Records from a data collection:
+ + + + +
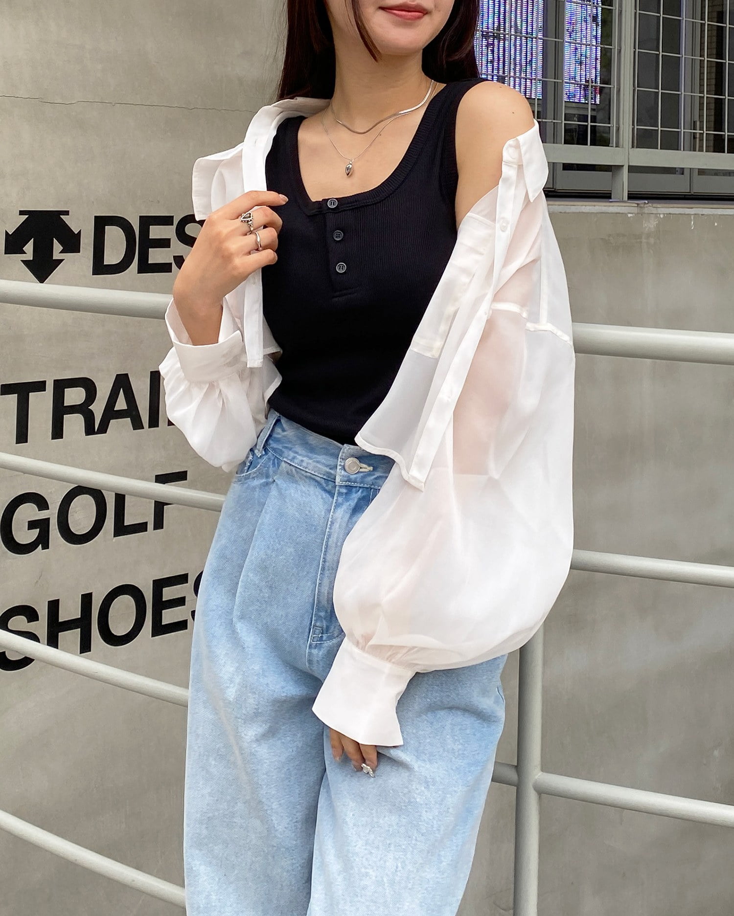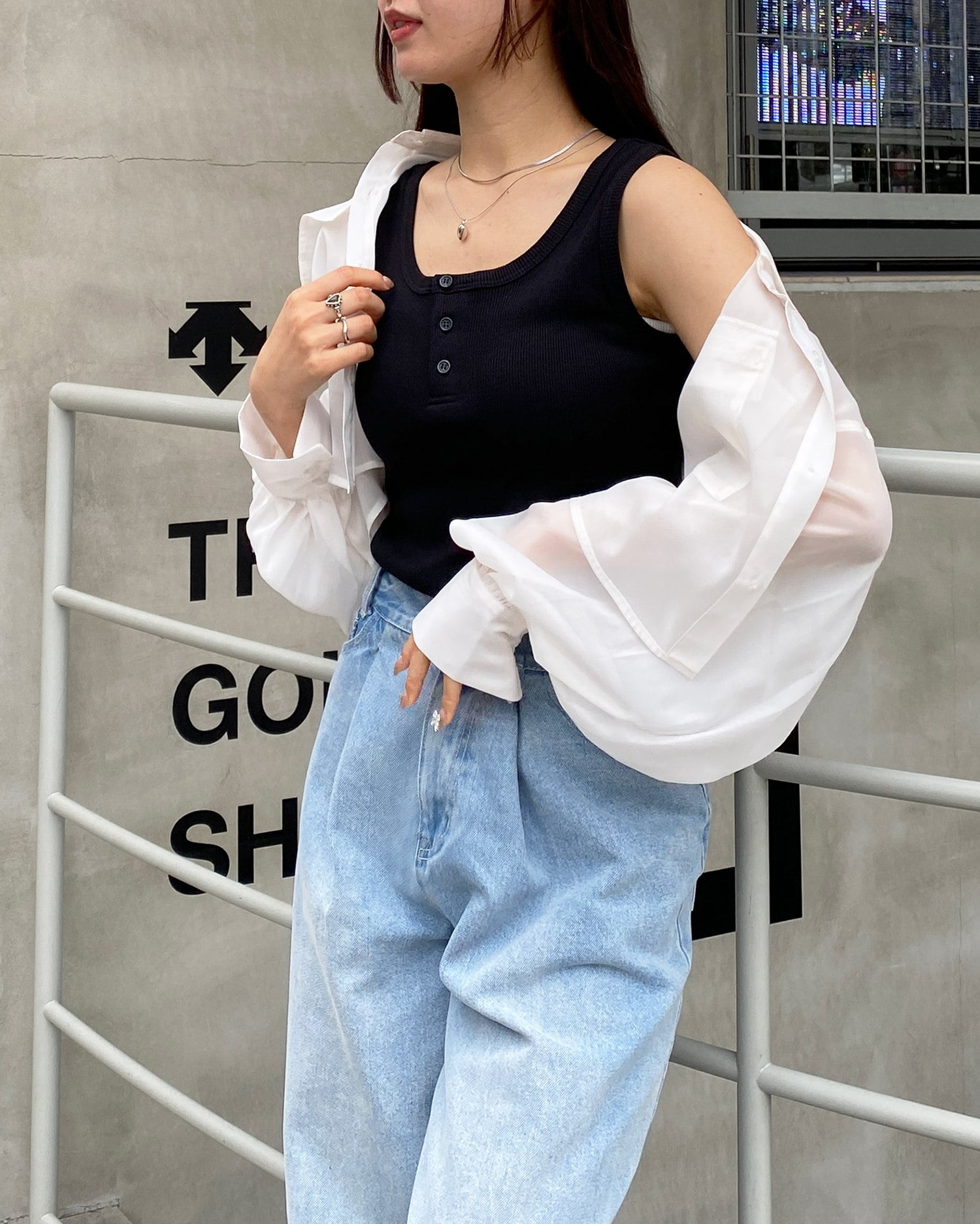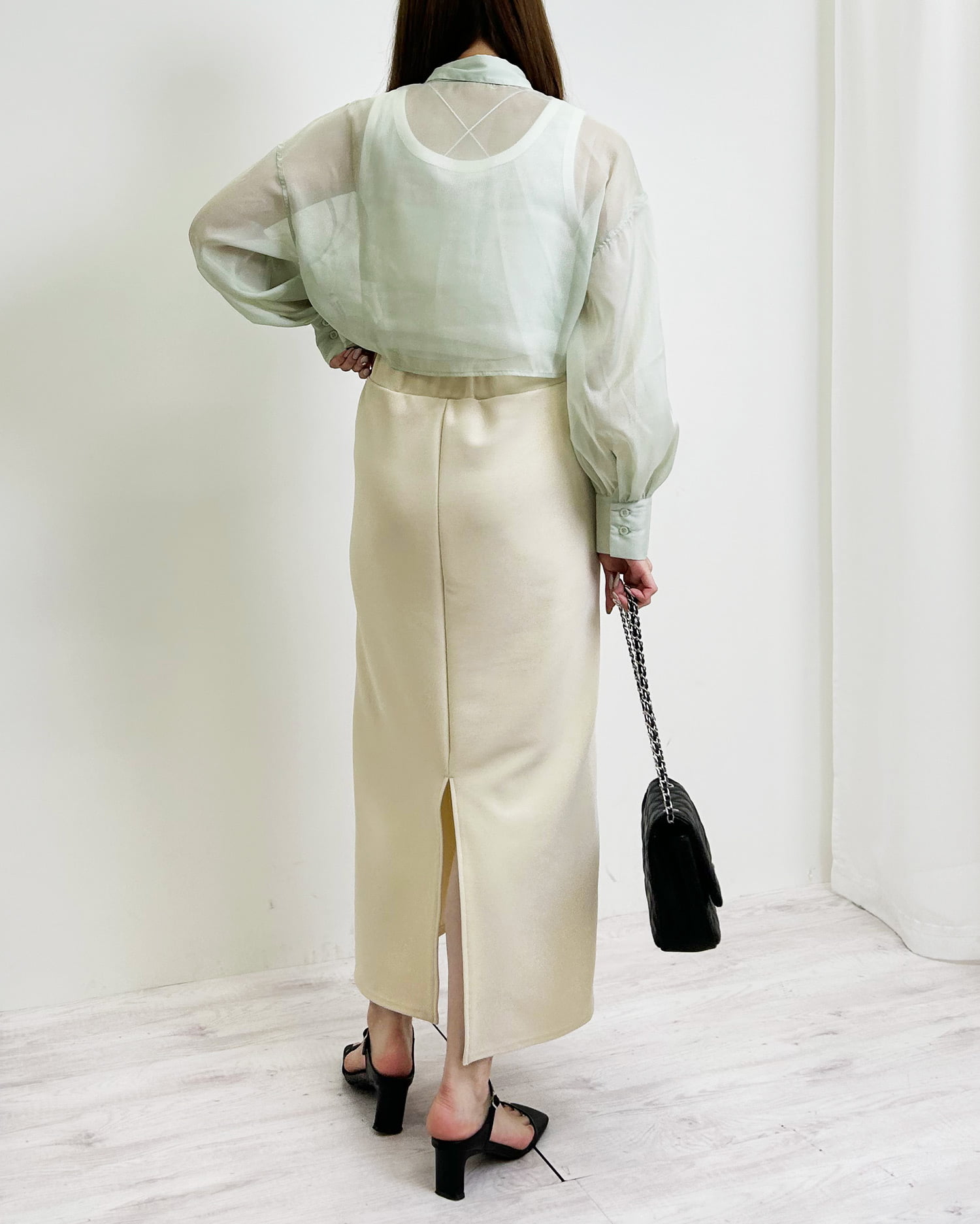 清涼感のあるシアーシャツをショート丈でトレンドライクに。
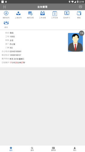 一款适合机关、企事业、医院、学校等使用的人员去向动态管理工具,可查询和管理工作人员的当前去向状态,预设定位和偏离办公地点距离值后,可及时提醒工作人员变更自己的去向状态。
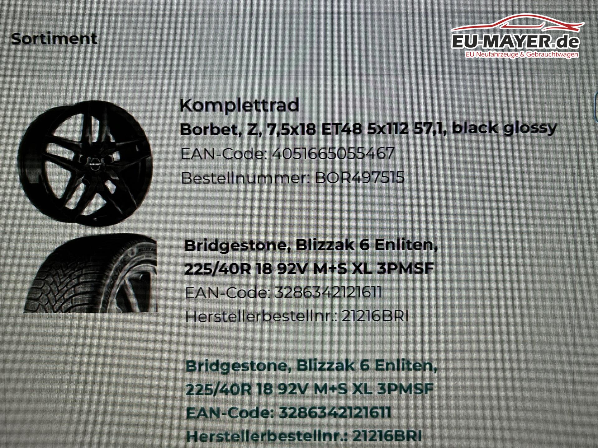 mit Reifen Bridgestone, Blizzak 6 Enliten, 225/40R 18 92V M+S
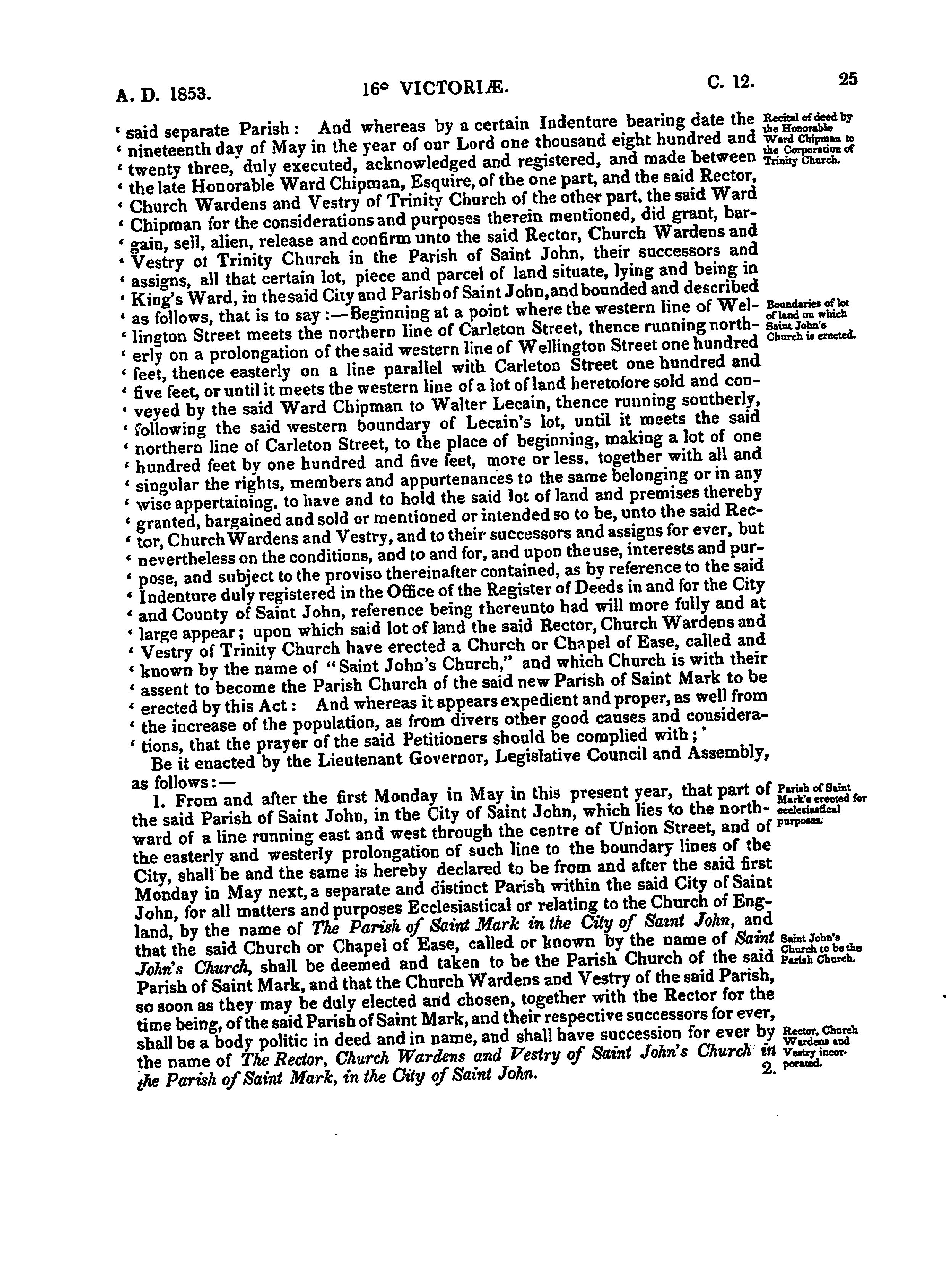 Acts of the General Assembly of Her Majesty's province of New Brunswick passed in the month of October, 1852 and in the months of April and May, 1853 : 1852/53
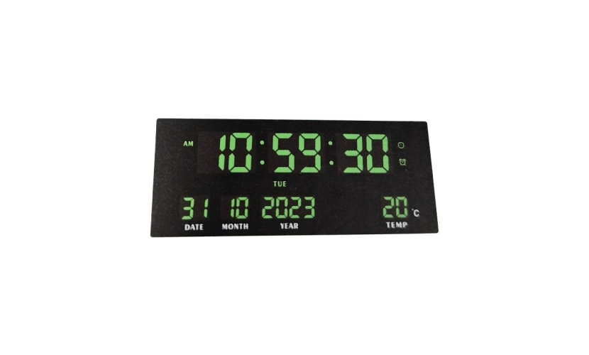 Ψηφιακό ρολόι τοίχου υψηλής ανάλυσης και φωτεινότητας με ένδειξη ημερομηνίας, ώρας και θερμοκρασίας δωματίου, κατάλληλο για οικιακή και επαγγελματική χρήση όπως μαγαζιά, βιτρίνες κ.α.
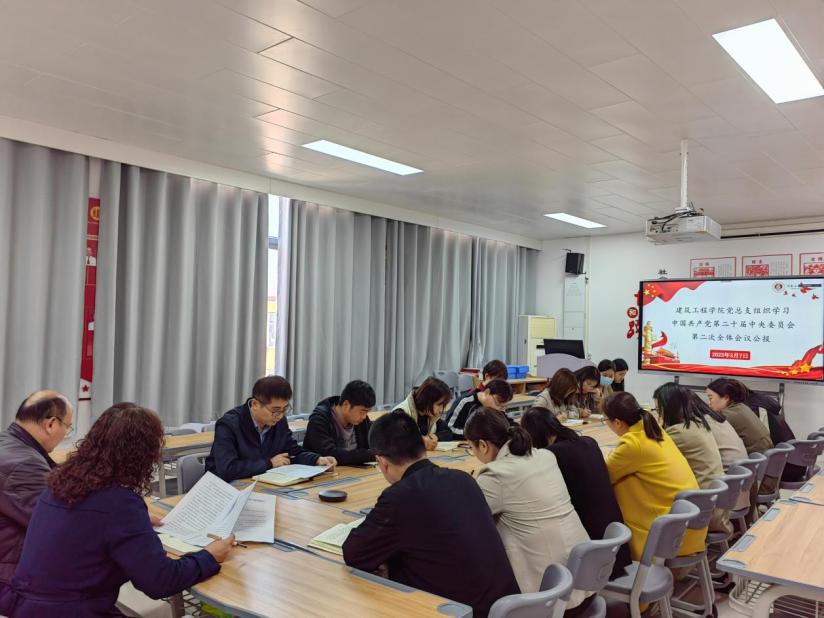 2023年3月7日下午,建筑工程学院党总支在办公楼516党员活动室组织开展政治理论学习活动。本次学习采取东西校区视频连线,线上、线下相结合的方式,会议由建筑工程学院院长张虎主持,党总支书记马春燕及全体教职工参加会议。
+ + + + +
What the task asks:
Nothing but the lines from the line containing "一款适合机关、企事业、医院、" to the end of the records above should be repeated, exactly and with every picture omitted.

Response to this task:
 一款适合机关、企事业、医院、学校等使用的人员去向动态管理工具,可查询和管理工作人员的当前去向状态,预设定位和偏离办公地点距离值后,可及时提醒工作人员变更自己的去向状态。
 mit Reifen Bridgestone, Blizzak 6 Enliten, 225/40R 18 92V M+S
 Acts of the General Assembly of Her Majesty's province of New Brunswick passed in the month of October, 1852 and in the months of April and May, 1853 : 1852/53
 Ψηφιακό ρολόι τοίχου υψηλής ανάλυσης και φωτεινότητας με ένδειξη ημερομηνίας, ώρας και θερμοκρασίας δωματίου, κατάλληλο για οικιακή και επαγγελματική χρήση όπως μαγαζιά, βιτρίνες κ.α.
 2023年3月7日下午,建筑工程学院党总支在办公楼516党员活动室组织开展政治理论学习活动。本次学习采取东西校区视频连线,线上、线下相结合的方式,会议由建筑工程学院院长张虎主持,党总支书记马春燕及全体教职工参加会议。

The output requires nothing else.